Your objective
Would you restate each entry word for word, omitting the pictures?

Records provided
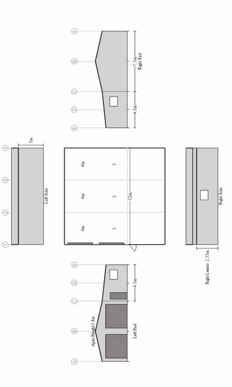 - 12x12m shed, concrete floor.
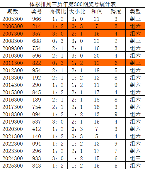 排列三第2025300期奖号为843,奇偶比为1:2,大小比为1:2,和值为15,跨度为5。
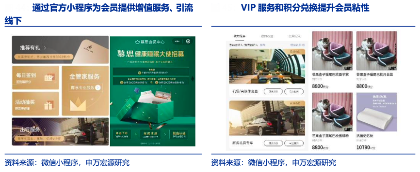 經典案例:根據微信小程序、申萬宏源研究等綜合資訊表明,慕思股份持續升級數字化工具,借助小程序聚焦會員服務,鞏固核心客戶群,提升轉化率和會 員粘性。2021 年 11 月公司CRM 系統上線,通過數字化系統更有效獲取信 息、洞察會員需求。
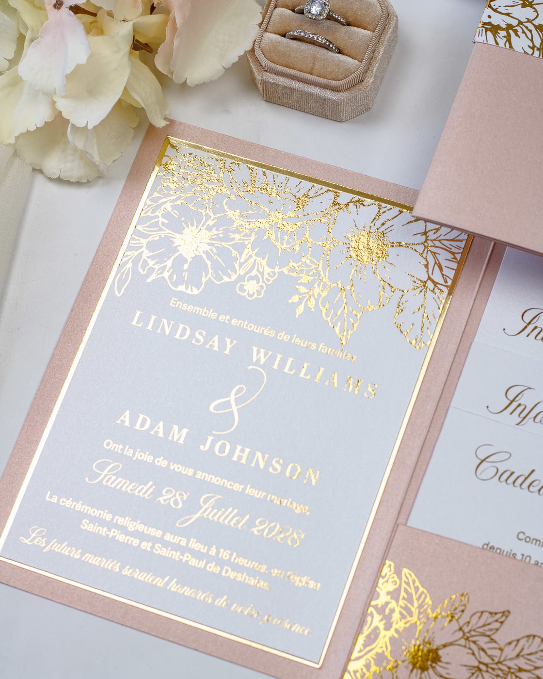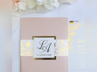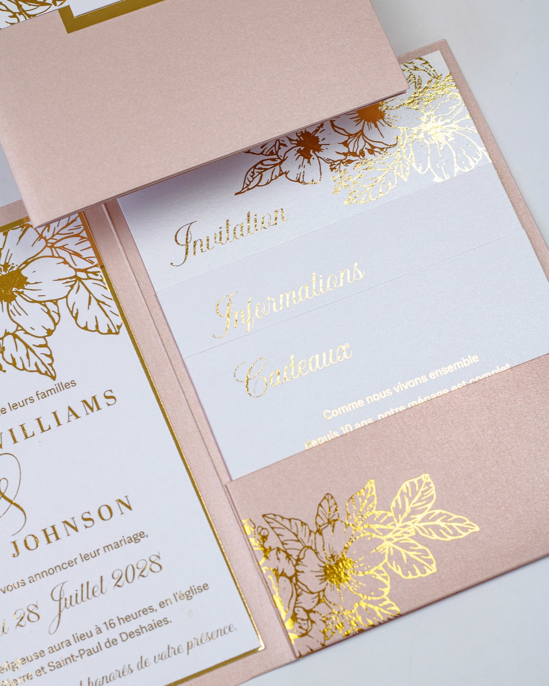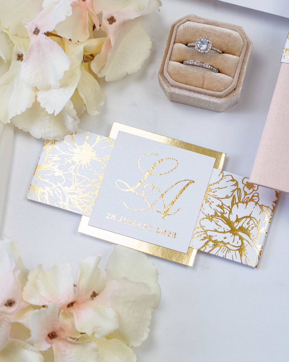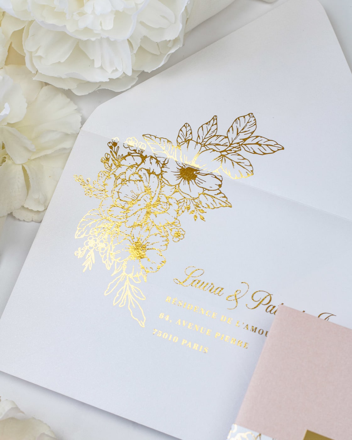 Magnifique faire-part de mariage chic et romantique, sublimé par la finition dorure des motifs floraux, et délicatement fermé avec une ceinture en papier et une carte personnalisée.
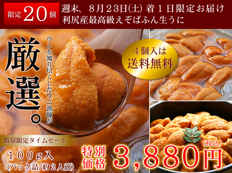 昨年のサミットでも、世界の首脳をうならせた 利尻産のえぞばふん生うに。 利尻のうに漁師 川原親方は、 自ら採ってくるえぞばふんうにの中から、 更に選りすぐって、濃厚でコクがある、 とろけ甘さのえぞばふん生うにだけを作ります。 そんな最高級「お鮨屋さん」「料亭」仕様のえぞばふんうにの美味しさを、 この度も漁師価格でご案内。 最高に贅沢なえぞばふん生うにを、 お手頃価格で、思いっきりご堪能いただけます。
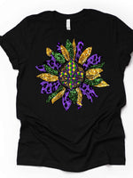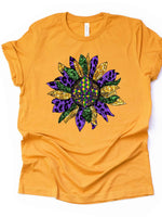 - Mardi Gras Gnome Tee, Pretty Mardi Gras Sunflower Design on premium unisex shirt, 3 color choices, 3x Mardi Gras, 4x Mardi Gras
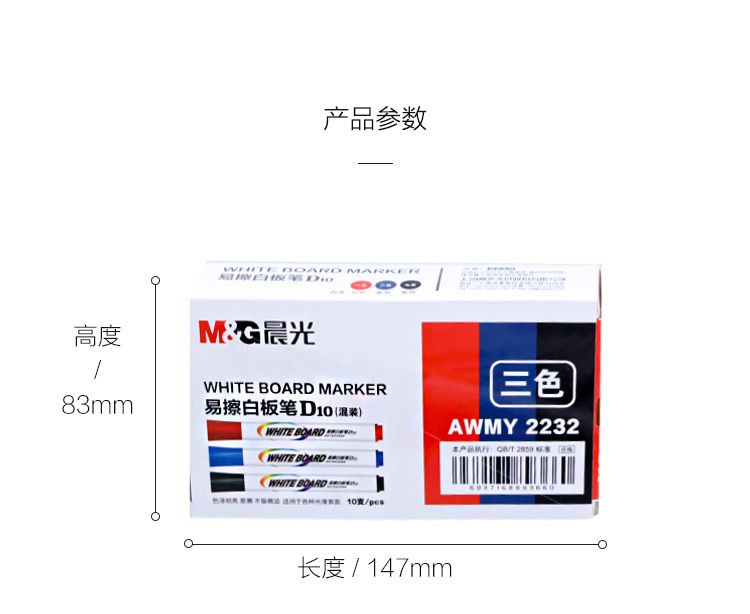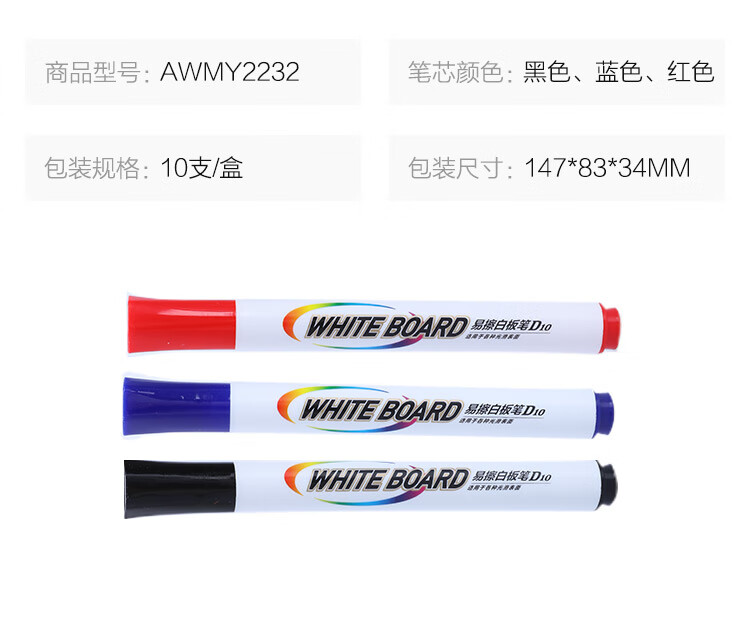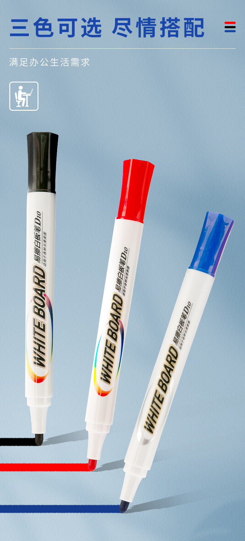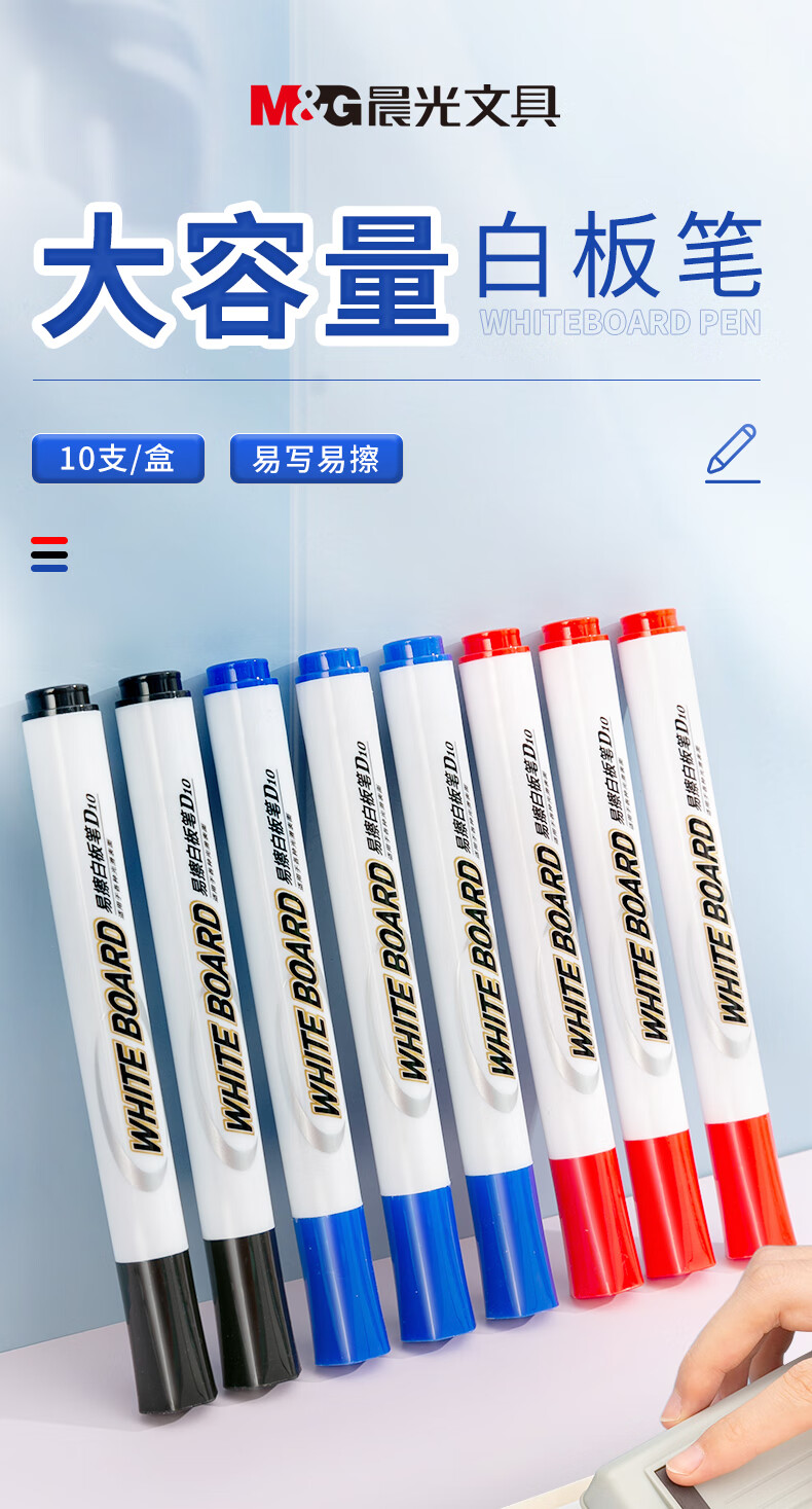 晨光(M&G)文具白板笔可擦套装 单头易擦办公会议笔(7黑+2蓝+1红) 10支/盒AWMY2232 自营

Exercise answer
 - 12x12m shed, concrete floor.
 排列三第2025300期奖号为843,奇偶比为1:2,大小比为1:2,和值为15,跨度为5。
 經典案例:根據微信小程序、申萬宏源研究等綜合資訊表明,慕思股份持續升級數字化工具,借助小程序聚焦會員服務,鞏固核心客戶群,提升轉化率和會 員粘性。2021 年 11 月公司CRM 系統上線,通過數字化系統更有效獲取信 息、洞察會員需求。
 Magnifique faire-part de mariage chic et romantique, sublimé par la finition dorure des motifs floraux, et délicatement fermé avec une ceinture en papier et une carte personnalisée.
 昨年のサミットでも、世界の首脳をうならせた 利尻産のえぞばふん生うに。 利尻のうに漁師 川原親方は、 自ら採ってくるえぞばふんうにの中から、 更に選りすぐって、濃厚でコクがある、 とろけ甘さのえぞばふん生うにだけを作ります。 そんな最高級「お鮨屋さん」「料亭」仕様のえぞばふんうにの美味しさを、 この度も漁師価格でご案内。 最高に贅沢なえぞばふん生うにを、 お手頃価格で、思いっきりご堪能いただけます。
 - Mardi Gras Gnome Tee, Pretty Mardi Gras Sunflower Design on premium unisex shirt, 3 color choices, 3x Mardi Gras, 4x Mardi Gras
 晨光(M&G)文具白板笔可擦套装 单头易擦办公会议笔(7黑+2蓝+1红) 10支/盒AWMY2232 自营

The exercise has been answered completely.